Although the Northern Mariana Islands did not participate in the 2020 presidential election because it is a U.S. territory and not a state, it still participated in the U.S. presidential primaries and caucuses. Senator Bernie Sanders won the Democratic caucus, held on March 14, which would be his last win in the 2020 primary season. The Republican caucus, held on March 15 during the party's commonwealth convention, unanimously voted for incumbent President Donald Trump.

==Democratic caucus==
The 2020 Northern Mariana Islands Democratic presidential caucus took place on March 14, 2020, a Saturday, in the Democratic Party primaries for the 2020 presidential election and was the only contest to vote on that day, in between the two Tuesdays which followed Super Tuesday. The Northern Marianas caucus was a closed caucus and awarded 11 delegates towards the 2020 Democratic National Convention, of which 6 were pledged delegates allocated on the basis of the results of the caucus. The caucus was held at the Saipan World Resort and was organized by the Northern Mariana Islands Democratic Party.

===Procedure===
When the Northern Mariana Islands Democratic Party had published its draft delegate selection plan in July 2019, it specified a March 14 date for the 2020 caucus.

In the open caucus, candidates had to meet a threshold of 15 percent across the territory to be considered viable. The 6 pledged delegates to the 2020 Democratic National Convention were allocated proportionally as at-large delegates on the basis of the results of the caucus. The March caucus as part of Stage I on the primary timetable received no bonus delegates, in order to disperse the primaries and caucuses between more different date clusters and keep too many states from hoarding on the first shared date or on a March date in general.

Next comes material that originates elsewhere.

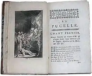 - Французское pucelle («девственница») в классическом языке — сниженное слово по сравнению с vierge («дева»); тем не менее, в средневековую эпоху обычным эпитетом Жанны было именно La Pucelle, и так она называется в апологетических сочинениях, в том числе в пародируемой Вольтером поэме Шаплена.

The delegation also included 5 unpledged PLEO delegates: 4 members of the Democratic National Committee and one member of Congress, House of Representatives nonvoting delegate Gregorio Sablan.

=== Candidates ===
Several, if not all major candidates participating in the Democratic primaries had been planned for the caucus ballot in Northern Mariana, but with candidates successively withdrawing nationally, the official field for the caucus had been reduced to Joe Biden and Bernie Sanders by March 5 (ignoring the continued candidacy of representative Tulsi Gabbard, which played no role in national polls), with no write-in votes being allowed and an uncommitted option as the sole alternative.

===Results===

2020 Northern Mariana Islands Democratic presidential caucus
| Candidate | Votes | % | Delegates |
|---|---|---|---|
| Bernie Sanders | 84 | 62.69 | 4 |
| Joe Biden | 48 | 35.82 | 2 |
| Uncommitted | 2 | 1.49 |  |
| Total | 134 | 100% | 6 |

==Republican caucus==
The 2020 Northern Mariana Islands Republican presidential caucus took place as a commonwealth party convention on March 15, 2020, in the Republican Party primaries and caucuses for the 2020 presidential election. It was a closed caucus, with the territory awarding 9 delegates, all bound to the winner of the presidential preference vote. Afterwards 6 delegates were individually elected, while the other 3 automatic delegates participated at the 2020 Republican National Convention as leaders of the CNMI Republican Party. The caucus unanimously voted to bind the 9 national delegates to incumbent President Donald Trump.